Date:

1502

Title:

Cantino Planisphere

Cartographer:

Unknown

Summary:

This was the second chart to show the New World. Inscriptions on the coast of Brazil indicate that the Portuguese knew that it was a new continent said to have been discovered by Cabral in 1500 (actually discovered by Vincente Pinzon in 1499). Inscriptions near the islands north of there are labeled "the Antilles of the King of Castille" attributing their discovery to the Spanish. This was the first use on a chart of the term Antilles. The point of land northwest of Isabella (Cuba) is probably Florida even though it was not officially "discovered" until 11 years later in 1513 by Ponce de Leon. No one knows the source of information about that peninsula. Perhaps it was discovered by an anonymous Portuguese or Spanish explorer, or slave trader. For Portugal to acknowledge that would have been a violation of the Treaty of Tordesillas of 1494.

The Line of Tordesillas is shown cutting through Brazil at the south and Terra Nova (Newfoundland) in the north. Consequently the Portuguese claimed Brazil and the land at the north. Notations on the African and Asian coasts show valuable trade information and a coastline of southern Asia indicates that it was separate from South America. This is not the case at the northern areas of Asia and the North American mainland.

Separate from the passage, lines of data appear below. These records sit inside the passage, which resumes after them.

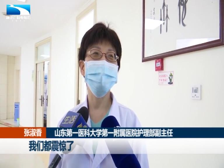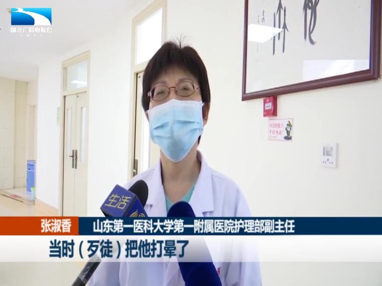 山东第一医科大学第一附属医院护理部副主任 张淑香:当时歹徒把他打晕了,头也扎了一刀,两个人厮打的时候刀可能就断了。
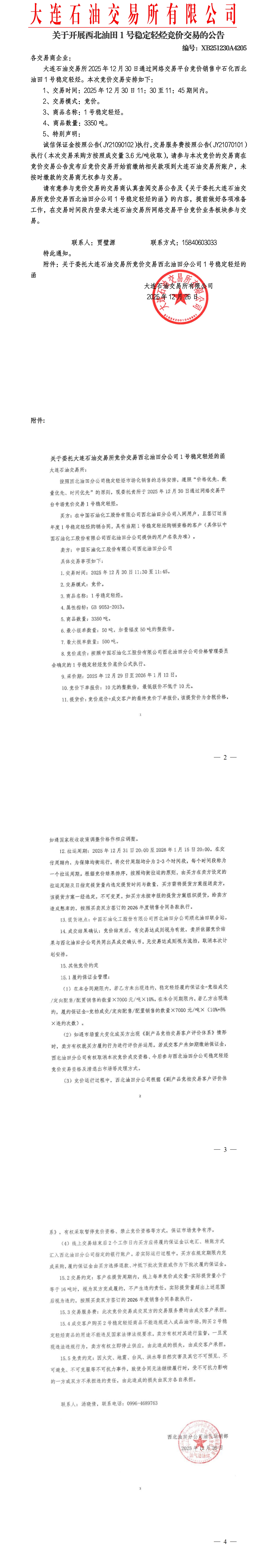 关于开展西北油田稳定轻烃竞价交易的公告(XB251230A4205)
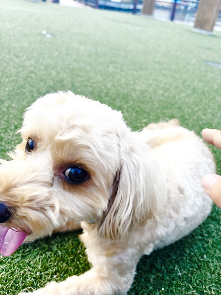 | 特徴(性格など) | お散歩が大好きなマルプーの男の子です。 家の中では、後ろをついて来たり、人懐っこい性格です。 ボールで遊ぶのが大好きです。 茶色のふわふわ毛並みをしていて、月に一度トリミングに通っています。 トイレは朝晩のお散歩の時に済ませています。 |

Alberto Cantino was secretly sent to Lisbon to get the latest information about Portuguese explorations by the Duke of Ferrara, Ercole d'Este. Cantino paid a Portuguese mapmaker 12 golden ducats to draw the chart on three pieces of vellum which were glued on a large piece of cloth. It measures 4 X 8 feet. The mapmaker had access to the secret information in the Armazem da Guinee Indias (Repository of Guinea and the Indies) where nautical charts were kept. The map represented the latest, closely guarded information. Cantino sent the chart from Genoa to the Duke of Ferrara, as stated in a letter by him to the Duke, dated November 19, 1502. The chart stayed in the library of the Duke for 90 years, then it was moved to another palace in Modena, where it stayed until 1859. During riots in that year, it apparently was removed from the palace and hung in a butcher shop as a screen, until recovered in 1868 by Giuseppe Bonne, director of the Biblioteca Estense in Modena, Italy. It is still in the Biblioteca and is in good condition.


Note:

Image scanned from a reproduction in a private collection.

References: Schwarz and Ehrenburg (2001), Burden (1996), Stevens (1970).